Here is where you decide the type of competencies that will be required for that person to be successful in the job. The competencies that you assign to the job must align with the job description and support the expectations you require.

Competencies come from the responsibilities of the job. Yes, they can be somewhat subjective; however, it is important that the competency align with the requirements of the position.

For example, let’s say you are hiring for a sales position. Remember you are looking for evidence that the person you are talking to exhibits the behavior that is consistent with someone who understands the competency required. You might consider the following competencies as a prerequisite for this position.

Competency: Financial Analysis

The product may require the individual to understand and explain the cost to own versus the cost to maintain.

Behavior:

  • Makes logical presentation showing advantage of a product choice
  • Demonstrates they understand the cost effectiveness of the product choice
  • Abel to identify areas where the right product choice will make a positive financial impact on revenues

So the question you might ask to determine if this individual’s past behavior would indicate that this person would be a best performer.

“Can you give me an example in your previous position where you had to explain the financial advantages of a certain product choice and how did the potential customer respond to your analysis?”

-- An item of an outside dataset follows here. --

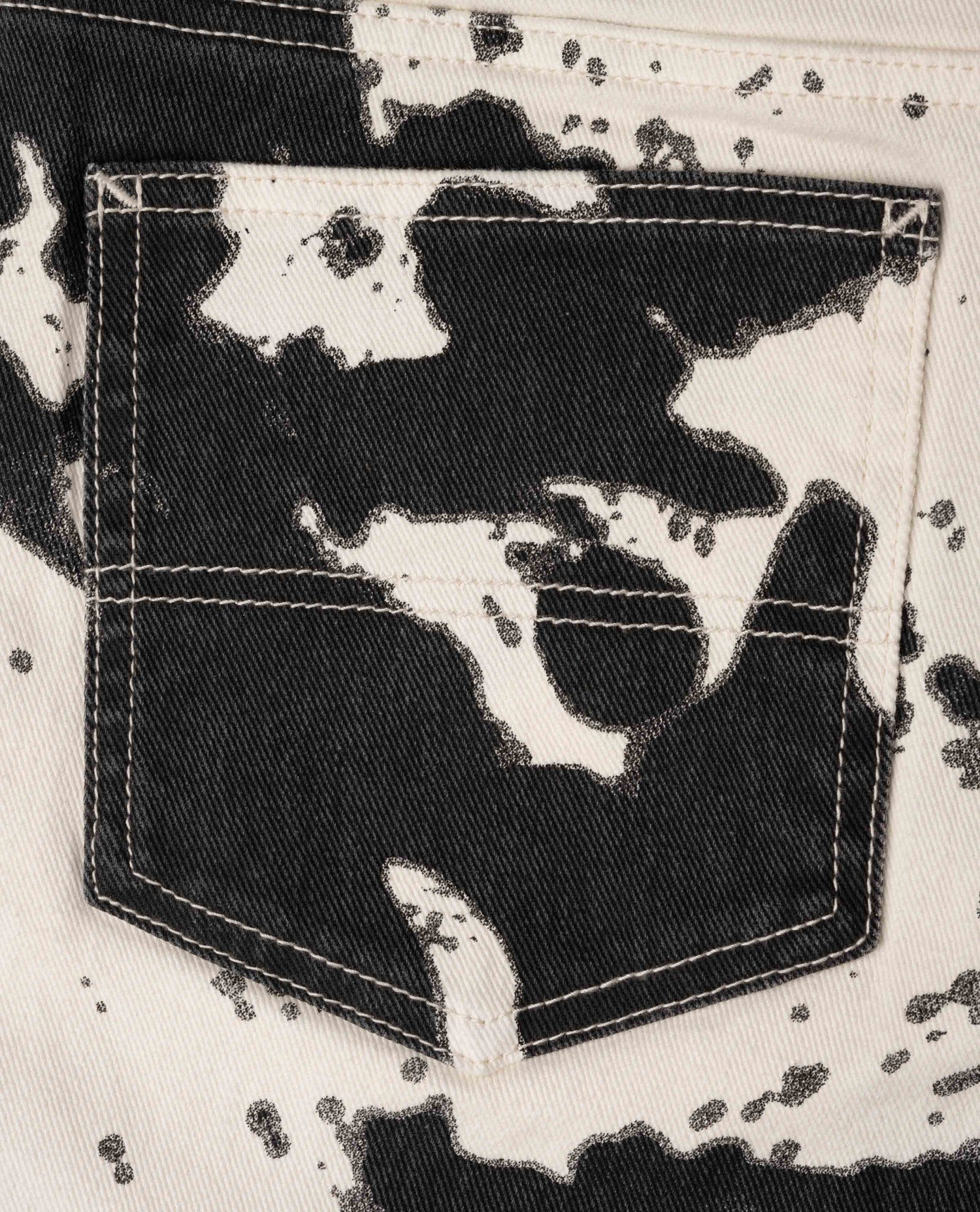 We started this psychological journey with our 10-ounce twill for the optimal blend of rugged structure and flexibility for daily J'action. Then we dyed it for a style that hides medium-to-large squid ink stains. Every item has a unique pattern due to the printing process.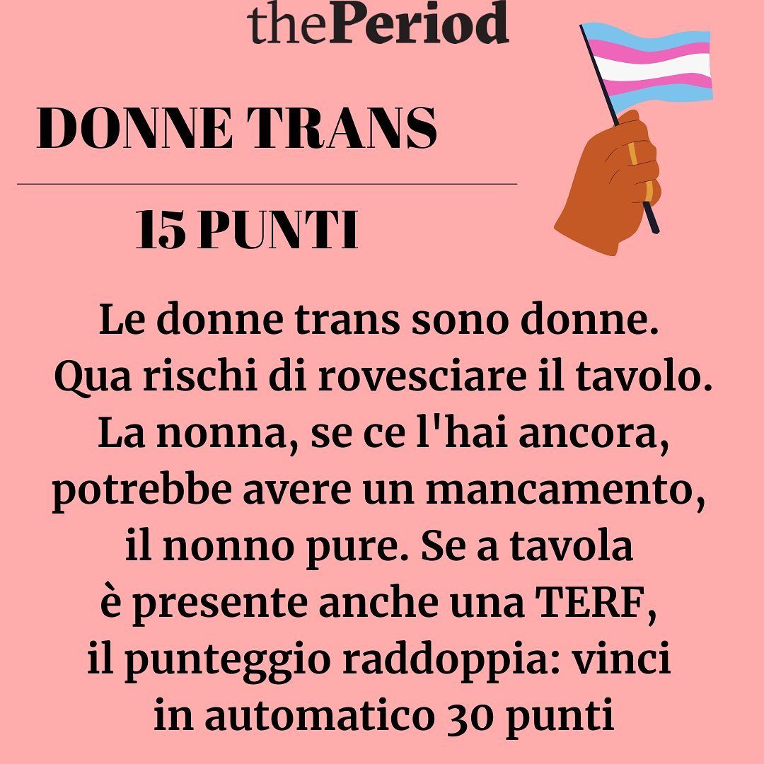 Mi ha colpito un post della newsletter femminista thePeriod che rilancia un gioco inventato dalla suddetta, di per sé anche simpatico: si ottengono punti «affrontando argomenti scomodi (e femministi) con amici e parenti durante le feste». E dunque, tra le altre regole di ingaggio:

Simple enough, right? Let’s try another one.

Competency: Client Relationships

The individual in this position must be able to establish, cultivate and manage client trust and brand loyalty over the life of the product.

Behavior:

  • Creates a partnership with the client so the individual (sales person) can anticipate future needs and solve current problems
  • Establishes the clients’ needs and expectations
  • Involves subordinate members of the staff of the company and the client to provide services proactively
  • Hold regular meetings with the client to gauge product performance against service level agreements

So the interview question would go something like this:

“Detail how you would establish and maintain a client relationship with a new customer that made a move from a competitor to our company.”

Early in my management career one of my mentors once told me; “Questions are the answer”. In other words questions in an interview must be structured to obtain the appropriate information. As an interviewer, you are only as good as the questions you ask.

There were times during an interview that I felt I was not getting all the information I needed. I was not clear in my question which led to a misunderstanding on the part of the candidate which made it necessary for me to ask the question a different way. Rewording a question with one of the following phrases can make a big difference in how the question is clarified.

  • What key elements…
  • Why is/was that important…
  • How did you do that…
  • What part did you play…

Take Detailed Notes

You will need to establish guidelines for scoring the interview. It is important that you ask the same questions from one interview to the next so that you will have established a baseline for each candidate. Your guidelines should consider the level at which the candidate performed and your estimation on how strong the candidate is. To improve your skill as an interviewer take detailed notes. There has been more than one occasion where I did not take enough notes and had to re-interview my top two candidates.